● Your goal
Every line of the following records that includes "Umag" should be copied.

● Input material
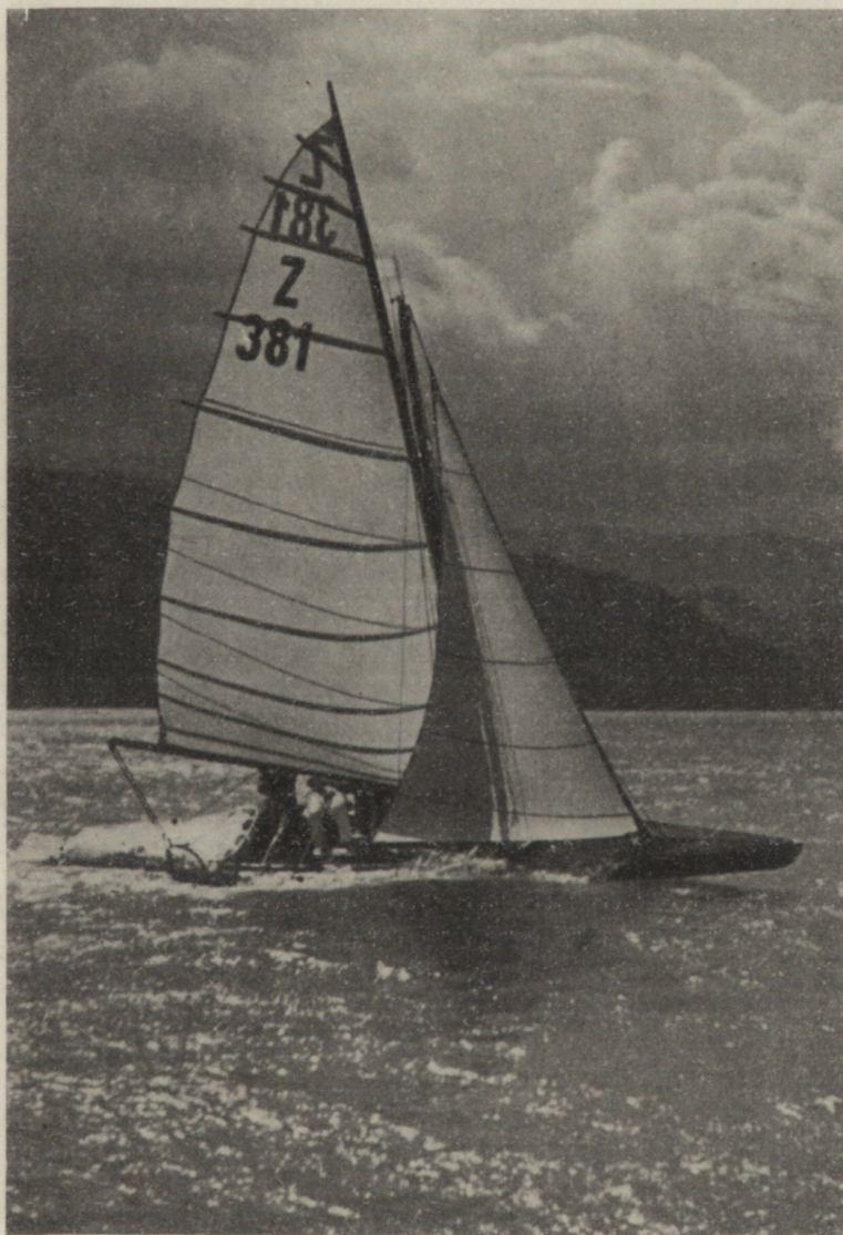
20-qm-Rennboot „Rih II“. Ing. C. Auteried.

digkeit von 20 Min./sm erreicht zu haben. „Risa“ beendete zwar diese Wettfahrt um 50 Min. vor dem nächsten Ankömmling, aber genützt hat ihr das auch nichts, die Wettfahrt war ungültig. Am nächsten Tag gabs dann gleich 2 Regatten. Beim Vormittagstart wehte es ganz frisch mit 5 bis 6 m/Sek. aus
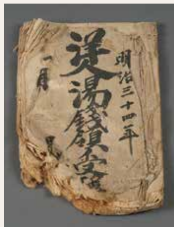
《洋人湯銭領受簿》1901年(明治34) 所蔵:雲仙湯元ホテル 雲仙で最も古い湯元ホテルが外国人向けに温泉の湯を販売した記録
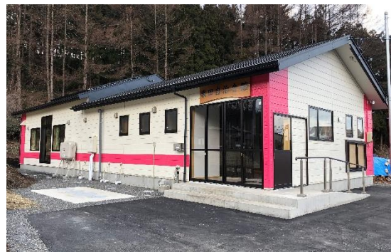
平成30年度に整備された泉田自治会館
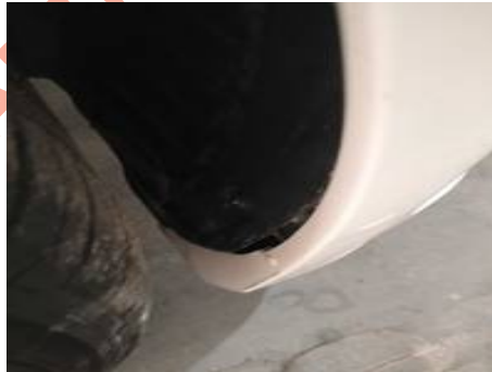
Bouclier avant (Autre Défaut)
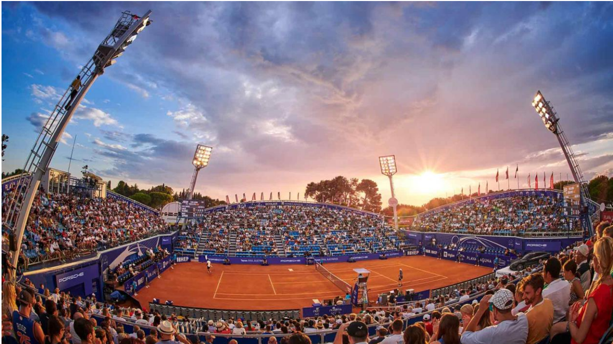
Slika 3 Croatia Open Umag, Izvor: ATP Tour, Dostupno na: https://www.atptour.com/en/tournaments/umag/439/overview (Pristupljeno: 19.8.2024.)

ATP Croatia Open Umag predstavlja jedan od najvažnijih i najprestižnijih teniskih turnira u Hrvatskoj koji se održava u obalnom gradu Umagu, smještenom na zapadnoj obali Istre. Ovaj turnir, koji je dio ATP World Tour 250 serije, privlači vrhunske svjetske tenisače i ljubitelje tenisa iz cijelog svijeta, te se ističe kao značajan sportski događaj u regionalnom i međunarodnom kalendaru.
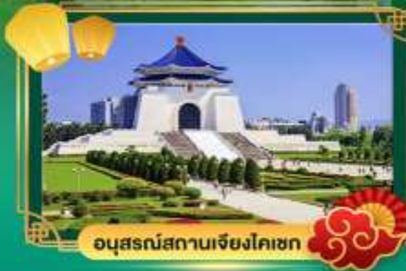
อนุสรณ์สถานเจียงไคเชก
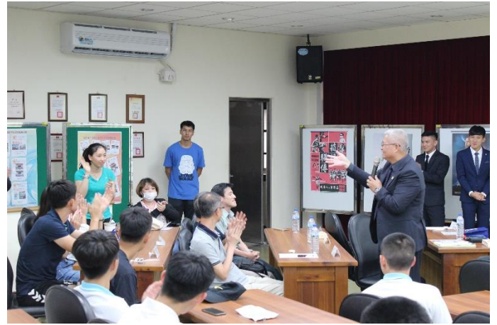
師長踴躍參與體育班成年禮
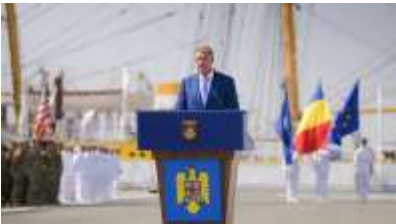
Pentru mai multe imagini, click pe poză

În ultimii ani, am acționat constant și decisiv pentru ca regiunea Mării Negre să fie recunoscută drept una de interes major pentru comunitatea euroatlantică, pe măsura importanței sale geostrategice de hotar al Alianței Nord Atlantice și al Uniunii Europene.
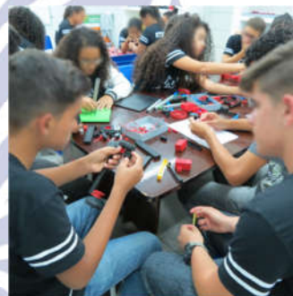
Gambar 8. Siswa SMP Brazil membuat robot
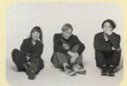
エンディングテーマ クラムボン

「夢みる給食」上映会&トークイベント 1月19日(日) @松島総合センターアロマ
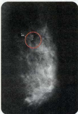
51歳女性 乳がんの石灰化の症例 (右乳房拡大)

マンモグラフィは乳腺の全体像を写し出すので、左右を比較して診ることができます。また、過去のフィルムと比較することによって、組織の微妙な変化をとらえることができます。
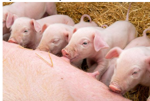
Rysunek. 6.9. Prosięta podstawione do wymienia lochy
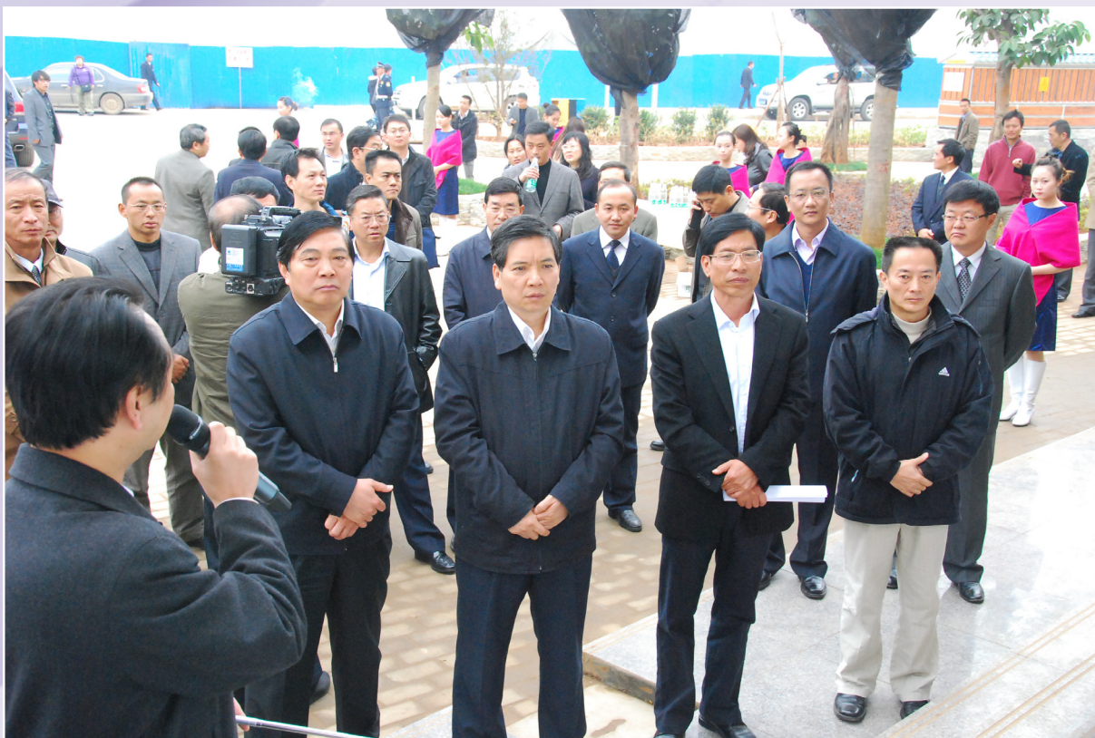
省长秦光荣（前排右三）等领导在云南艺术学院呈贡校区视察

● Task output
Slika 3 Croatia Open Umag, Izvor: ATP Tour, Dostupno na: https://www.atptour.com/en/tournaments/umag/439/overview (Pristupljeno: 19.8.2024.)
ATP Croatia Open Umag predstavlja jedan od najvažnijih i najprestižnijih teniskih turnira u Hrvatskoj koji se održava u obalnom gradu Umagu, smještenom na zapadnoj obali Istre. Ovaj turnir, koji je dio ATP World Tour 250 serije, privlači vrhunske svjetske tenisače i ljubitelje tenisa iz cijelog svijeta, te se ističe kao značajan sportski događaj u regionalnom i međunarodnom kalendaru.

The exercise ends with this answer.